Come the second leg, Al-Ahly, roared on by a fiercely partisan crowd, hit the woodwork twice but things started to go wrong for the hosts when the Etoile striker Afouène Gharbi scored in first-half injury time. Emad el-Nahas equalised in the 49th minute with a header but was sent off 11 minutes later for a professional foul. Seeing their title slipping away on the away-goals rule, ten-man Al-Ahly pressed forward in search of a goal and had two penalty appeals turned down. But three minutes into injury time the teenage striker Amine Chermiti added a second for Etoile and there was still time before the final whistle for Moussa Narry to rub it in with a third. Cue the violence, as the crowd attacked the winners and their own team with anything to hand.
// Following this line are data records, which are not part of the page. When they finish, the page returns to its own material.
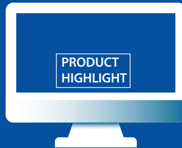
Product highlight on website
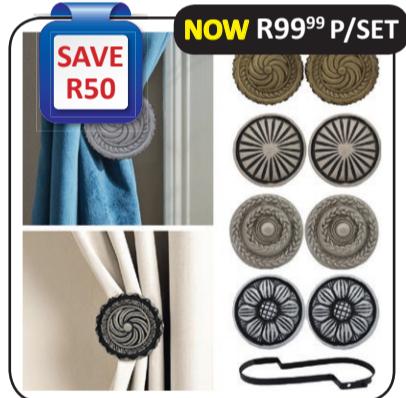
CURTAIN HOLD BACK WAS R149 99 PER SET
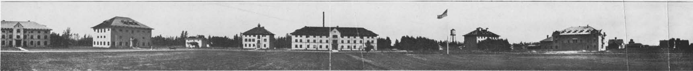
View of School Buildings 1915
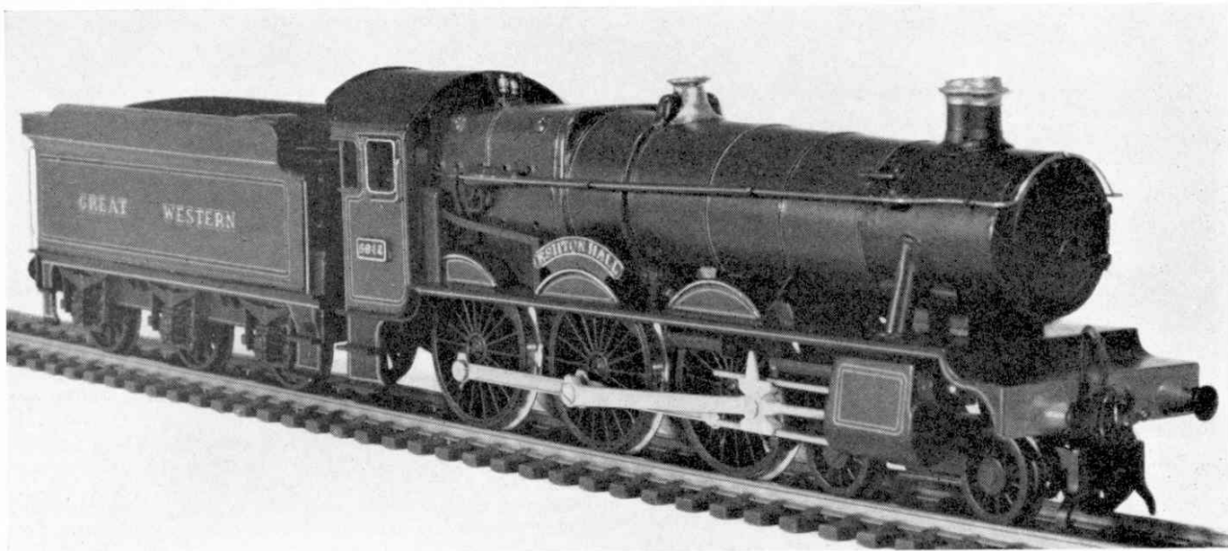
A fine model of the Wills 'Eshton Hall' fully painted and lined out.
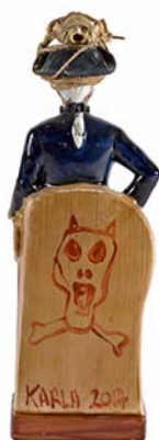
I'D BETTER GO AND GET SOMETHIN' HARDER #10 2015 (DETAIL—VERSO)
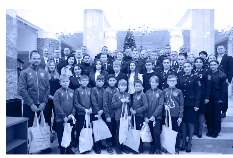
Anti-Corruption Day, 9 December 2023, Chisinau.

In recognition of International Anti-corruption Day, taking place on 9 December, DCAF supported the Internal Protection and Anti-Corruption Service (SPIA) of the MIA to raise public awareness of their function and activities. The SPIA visited schools to spark discussions about corruption and integrity, to distribute promotional material about their mandate, and organised a friendly football competition entitled "MAI for integrity - Integrity Cup". This support, coupled with other activities implemented under Outcome 2, aims at comprehensive integrity building in the MIA by complementing internal capacity building with external awareness raising and efforts towards reinforcing integrity as a cultural value.
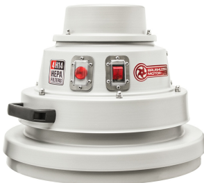
Longer Life Brushless Motor Available (always with 4 x H14 HEPA filters)
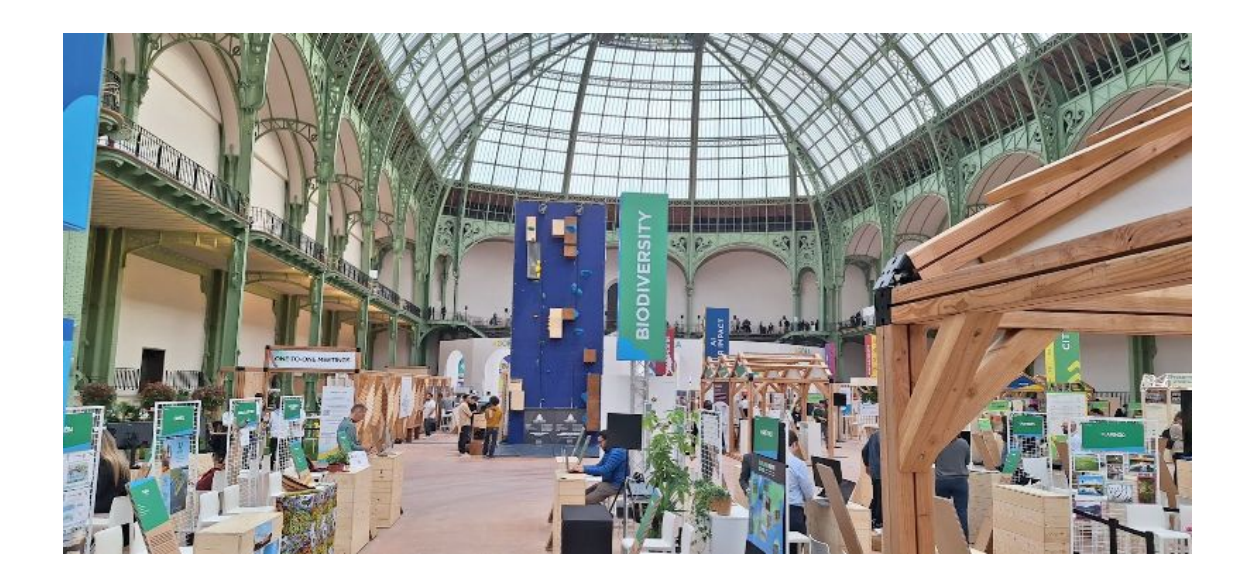
New Life Terra Video

For the Etoile players, victory was all that mattered. “My happiness cannot be described,” Gharbi said. “We have proved all the speculation wrong. All those who said Al-Ahly had a 70 per cent chance of winning were wrong.” José, who was physically attacked by his own team’s fans after the final whistle, railed against the refereeing in both legs. “In such a decisive game one mistake could make a difference,” he said, “but when the referees rule out three penalties for you, I think it is a disgrace.” CAF disagreed, praising the officials.

The 2007 edition of the Champions League, Africa’s top club competition, had an initial entry of 60 clubs, from the Seychelles’ Anse Réunion in the east to Gambia Port Authority in the west and from Mamelodi Sundowns in South Africa to Algeria’s Jeunesse Kabylie. But by the time it got down to the last-eight group stage, only Ivory Coast’s ASEC Mimosas prevented a clean sweep by north African teams, reflecting their leagues’ superior organisation and financial power.

The format, adopted in 1997, mimics its European equivalent (it began in 1964 as the Champions Cup). The official name is now the MTN Champions League thanks to a sponsorship tie-in with the continent’s biggest mobile-phone company. The deal is big for Africa but small by European standards: MTN is giving CAF $12.5 million (£6m) over four years.

In October CAF signed a long-term media deal with the SportFive rights agency, including $5m a year to screen the Champions League. The problem is not so much the modest price for the rights but the fact that Africans can just as easily watch the UEFA Champions League, the major European leagues and even South American football, which are not only of a higher standard but also feature Africa’s top players.

To some extent the competition has raised the profile of domestic African leagues but, like the European version, it has also had the effect of making the rich richer, with the big north African clubs able to import talent. Africa’s most populous country, Nigeria, has one of the stronger leagues, with many clubs financially supported by state governments or large companies, but it also faces difficulties common to other countries.

Tunde Oyedele, a former international player, told Nigeria’s The News recently that the league had “improved tremendously” but listed some persistent “shortcomings”. “The stands are still empty during league matches, the referees are also not helping matters because of their biased officiating. Violence is also prevalent at match venues. So, we still have a long way to go.” He might have mentioned politics: Nigerian football has been paralysed this season by a power struggle between the league (NFL) and the football association (NFA), ostensibly over who should appoint referees.

Although north African teams have dominated the competition in recent years, west African teams won in 1998 (ASEC, Ivory Coast), 2000 (Hearts of Oak, Ghana), 2003 and 2004 (both Enyimba, Nigeria). The big underachievers are South African teams, who have yet to win since first entering in 1993. In an effort to “raise the level and give more importance to national championships”, according to CAF’s president, Issa Hayatou, next year will see the launch of a biennial African Nations Championship solely for players playing their club football in Africa. Etoile have their own chance to raise African football’s profile when, as a result of their win in Cairo, they take part in the Club World Championship in Japan. Their chances of beating last year’s third place for Al-Ahly, though, must be some way short of 70 per cent.